How do I reshape the following data frame in R?
我有一个如下所示的数据集。我正在尝试编写 R 代码来转换它。这是自我网络,这意味着第一列有两个人列出了他们的关系(在 A1、A2 和 A3 列中)。然后在第 5 列到第 10 列中,我有 A1、A2 和 A3 中的人之间的相互关系:
d <- data.frame(matrix(c("Steph","Ellen","John","Jim","Sam","Tom","Sally","Jane","Sam","Jane","Sally","NA","John","Jim","NA","Jane","Sam","NA","NA","Tom"),2,10))
names(d)<-c("Ego","A1","A2","A3","A1Connection1","A1Connection2","A2Connection1","A2Connection2","A3Connection1","A3Connection2")
d
我的挑战是让第 2 列到第 10 列看起来像这样
ReshapedData<-data.frame(matrix(c("John","John","Sam","Sam","Sally","Sally","Jim","Jim","Tom","Tom","Jane","Jane",
"Sam","Sally","John","NA","Sam","NA","Jane","NA","Jim","Jane","NA","Tom"),12,2))
names(ReshapedData)<-c("Alter", "Alter_Alter")
ReshapedData
我不需要自我名称,至少在这个阶段是这样。关键是先拿到其他东西。到目前为止,我能想到的最好的办法是转置每行中的第 5-10 列,然后使用 rbind 创建一个长列,然后将其与 A1、A2、A3 中的更改列表进行 cbind。
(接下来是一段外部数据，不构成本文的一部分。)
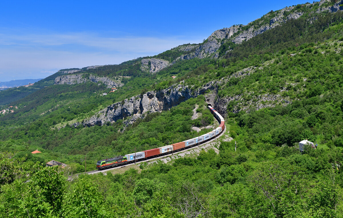 541 014 mit einem Containerzug am 10.05.2024 bei Hrastovlje.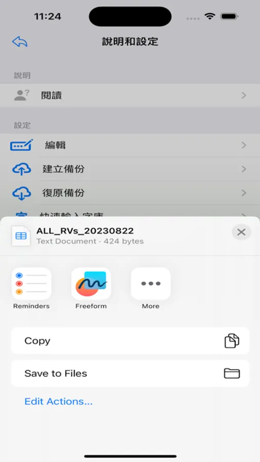 - 可把續訪分享到列印、AirDrop、剪貼簿或手機上其他App。選項多少視乎手機上安裝了多少可接受“文字檔”的Apps。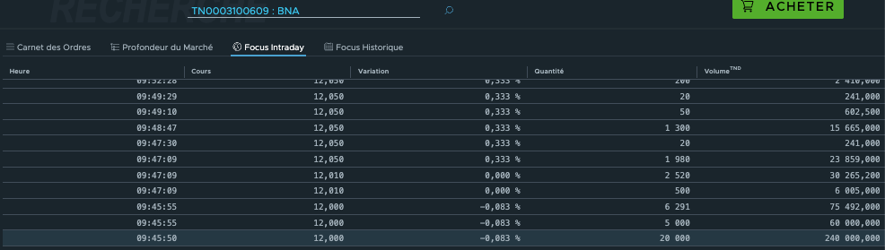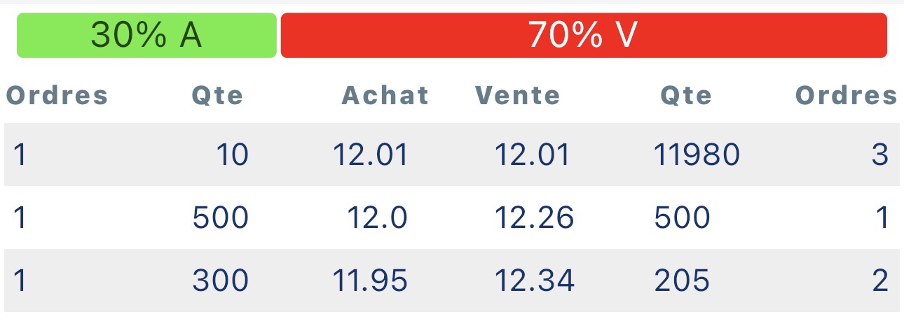 l'offre à 12dt absorbée, l'offre à 12.05 absorbée, on passe à 12.1 sans aucun repli, de petites hausses mais sures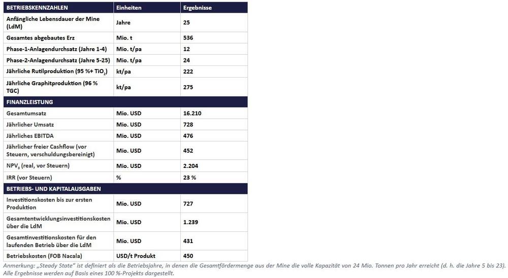 –          Betriebskosten von nur 450 USD pro Tonne Produkt (FOB Nacala) – Grundlage für eine starke Margenresilienz über Rohstoffzyklen hinweg
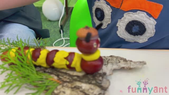 Творческая поделка из каштанов и березовой коры "Гусеница" Funny Ant Malahovka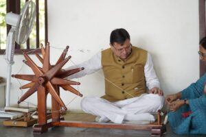 मुख्यमंत्री धामी अहमदाबाद में पहुँचे गांधी आश्रम, चलाया चरखा, राष्ट्रपिता को किया याद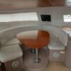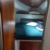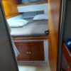 ALETA has four large double cabins with queen size berths. Each cabin has hanging lockers and abundant storage. There are two heads amidships. The galley is on the bridge deck to starboard where the activity is. The chart table is also up. There is a large u-shaped dinette to port.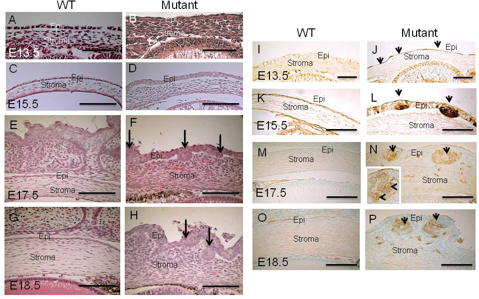 was observed (D). At E17.5 and E18.5, focal epithelial cell nodules (arrows) are observed in the corneal epithelium in the mutant embryo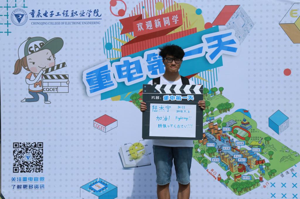 来自信息安全与管理专业的卢仲平说:“在进入学校之前没想过会有这样一个活动,刚开始看见的时候是有一点惊喜,在这个活动上我和父亲一起拍照,这个照片记录下了我的重电第一天,我觉得这是一个非常值得回忆的时刻。”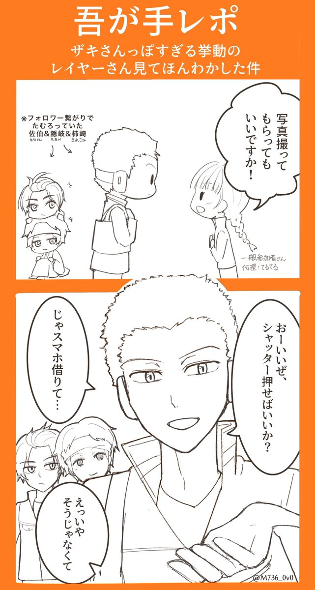 先日の吾が手のコススペでのレポ描いた…! ザキさんはもっと自分に自信を持ってほしいと思いつつ、こういうところも愛おしいよな… 佐伯巻き込み失礼🙏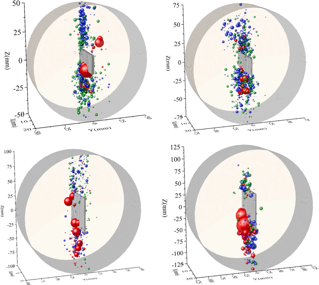 图:煤样峰值载荷时刻声发射事件的空间分布。
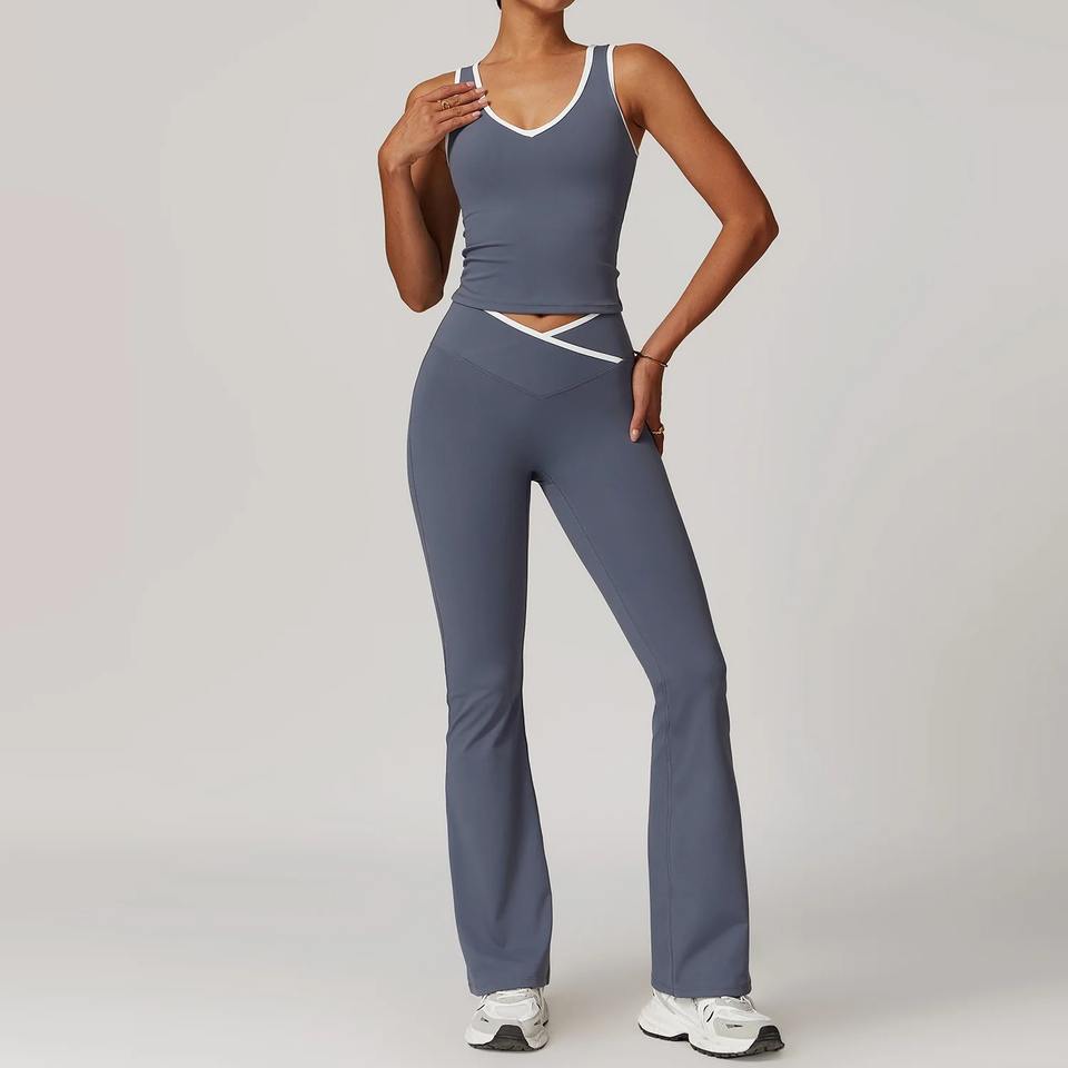 ชุดออกกำลังกาย2ชิ้นสำหรับผู้หญิงชุดออกกำลังกายเล่นกีฬายิมชุดออกกำลังกายเอวสูงเลกกิ้งสปอร์ตบราสวมใส่เล่นกีฬา

这必须是一些更精简的方式来管理它。
谢谢
博格丹
使用 reshape
中的 melt()
函数打包并匹配具有公共索引的项目:
d <- data.frame(matrix(c("Steph","Ellen","John","Jim","Sam","Tom","Sally","Jane","Sam","Jane","Sally","NA","John","Jim","NA","Jane","Sam","NA","NA","Tom"),2,10))
names(d)<-c("Ego","A1","A2","A3","A1Connection1","A1Connection2","A2Connection1","A2Connection2","A3Connection1","A3Connection2")
d
library(reshape)
a <- melt(d,id.vars=NULL,measure.vars = c("A1","A2","A3"))
a$match <- as.character(paste(a[,1],rep(1:2)))
b <- melt(d,id.vars=NULL,measure.vars = c(5:dim(df)[2]))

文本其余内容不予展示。